Install `tailwiz` through `pip`:

```
python -m pip install tailwiz
```

## Usage

In this section, we outline the three main functions of `tailwiz` and provide examples.


### <code>tailwiz.classify<i>(text_to_label, prelabeled_text=None, output_metrics=False)</i></code>

Given text, classify the text.
#### Parameters:
- `text_to_label` : _pandas.DataFrame_. Data structure containing text to classify. Must contain a string column named `text`.
- `prelabeled_text` : _pandas.DataFrame, default None_. Pre-labeled text to enhance the performance of the classification task. Must contain a string column for the classified text named `text` and a column for the labels named `label`.
- `output_metrics` : _bool, default False_. Whether to output `performance_estimate` together with results in a tuple.

#### Returns:
- `results` : _pandas.DataFrame_. A copy of `text_to_label` with a new column, `label_from_tailwiz`, containing classification results.
- `performance_estimate` : _Dict[str, float]_. Dictionary of metric name to metric value mappings. Included together with results in a tuple if `output_metrics` is True. Uses prelabeled_text to give an estimate of the accuracy of the classification. One vs. all metrics are given for multiclass classification.

#### Example:

```python
import tailwiz
import pandas as pd

prelabeled_text = pd.DataFrame(
    [
        ['Love you to the moon', 'nice'],
        ['I hate you', 'mean'],
        ['Have a great day', 'nice'],
    ],
    columns=['text', 'label'],
)
text_to_label = pd.DataFrame(
    ['You are the best!', 'You make me sick'],
    columns=['text'],
)
results = tailwiz.classify(
    text_to_label=text_to_label,
    prelabeled_text=prelabeled_text,
)
print(results)
```

### <code>tailwiz.parse<i>(text_to_label, prelabeled_text=None, output_metrics=False)</i></code>

Given a prompt and a context, parse the answer from the context.
#### Parameters:
- `text_to_label` : _pandas.DataFrame_. Data containing prompts and contexts from which answers will be parsed.
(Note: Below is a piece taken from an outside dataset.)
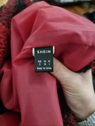 Abrigo estilo oversize de la marca Shein, con un diseño de cuadros en rojo y negro. - Material: 100% poliéster. - Corte amplio y cómodo.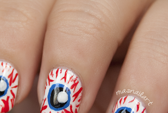 Para la sangre, utilicé un pincel de nail art bien fino y esmalte rojo, vamos haciendo capilares y ¡listo!

Must contain a string column for the context named `context` and a string column for the prompt named `prompt`.
- `prelabeled_text` : _pandas.DataFrame, default None_. Pre-labeled text to enhance the performance of the parsing task. Must contain a string column for the context named `context`, a string column for the prompt named `prompt`, and a string column for the label named `label`.
- `output_metrics` : _bool, default False_. Whether to output `performance_estimate` together with results in a tuple.

#### Returns:
- `results` : _pandas.DataFrame_. A copy of `text_to_label` with a new column, `label_from_tailwiz`, containing parsed results.
- `performance_estimate` : _Dict[str, float]_. Dictionary of metric name to metric value mappings. Included together with results in a tuple if `output_metrics` is True. Uses prelabeled_text to give an estimate of the accuracy of the parsing job.

#### Example:
```python
import tailwiz
import pandas as pd

prelabeled_text = pd.DataFrame(
    [
        ['Extract the number.', 'Noon is twelve oclock', 'twelve'],
        ['Extract the number.', '10 jumping jacks', '10'],
        ['Extract the number.', 'I have 3 eggs', '3'],
    ],
    columns=['prompt', 'context', 'label'],
)
text_to_label = pd.DataFrame(
    [['Extract the number.', 'Figure 8']],
    columns=['prompt', 'context'],
)
results = tailwiz.parse(
    text_to_label=text_to_label,
    prelabeled_text=prelabeled_text,
)
print(results)
```


### <code>tailwiz.generate<i>(text_to_label, prelabeled_text=None, output_metrics=False)</i></code>

Given a prompt, generate an answer.
#### Parameters:
- `text_to_label` : _pandas.DataFrame_. Data structure containing prompts for which answers will be generated. Must contain a string column for the prompt named `prompt`.
- `prelabeled_text` : _pandas.DataFrame, default None_. Pre-labeled text to enhance the performance of the text generation task. Must contain a string column for the prompt named `prompt` and a string column for the label named `label`.
- `output_metrics` : _bool, default False_. Whether to output `performance_estimate` together with results in a tuple.

#### Returns:
- `results` : _pandas.DataFrame_. A copy of `text_to_label` with a new column, `label_from_tailwiz`, containing generated results.
- `performance_estimate` : _Dict[str, float]_. Dictionary of metric name to metric value mappings. Included together with results in a tuple if `output_metrics` is True. Uses prelabeled_text to give an estimate of the accuracy of the text generation job.

#### Example:
```python
import tailwiz
import pandas as pd

prelabeled_text = pd.DataFrame(
    [
        ['Is this sentence Happy or Sad? I love puppies!', 'Happy'],
        ['Is this sentence Happy or Sad? I do not like you at all.', 'Sad'],
    ],
    columns=['prompt', 'label']
)
text_to_label = pd.DataFrame(
    ['Is this sentence Happy or Sad? I am crying my eyes out.'],
    columns=['prompt']
)
results = tailwiz.generate(
    text_to_label=text_to_label,
    prelabeled_text=prelabeled_text,
)
```

## Templates (Notebooks)

Use these Jupyter Notebook examples as templates to help load your data and run any of the three `tailwiz` functions:
- For an example of `tailwiz.classify`, see [`examples/classify.ipynb`](https://github.com/timothydai/tailwiz/blob/main/examples/classify.ipynb)
- For an example of `tailwiz.parse`, see [`examples/parse.ipynb`](https://github.com/timothydai/tailwiz/blob/main/examples/parse.ipynb)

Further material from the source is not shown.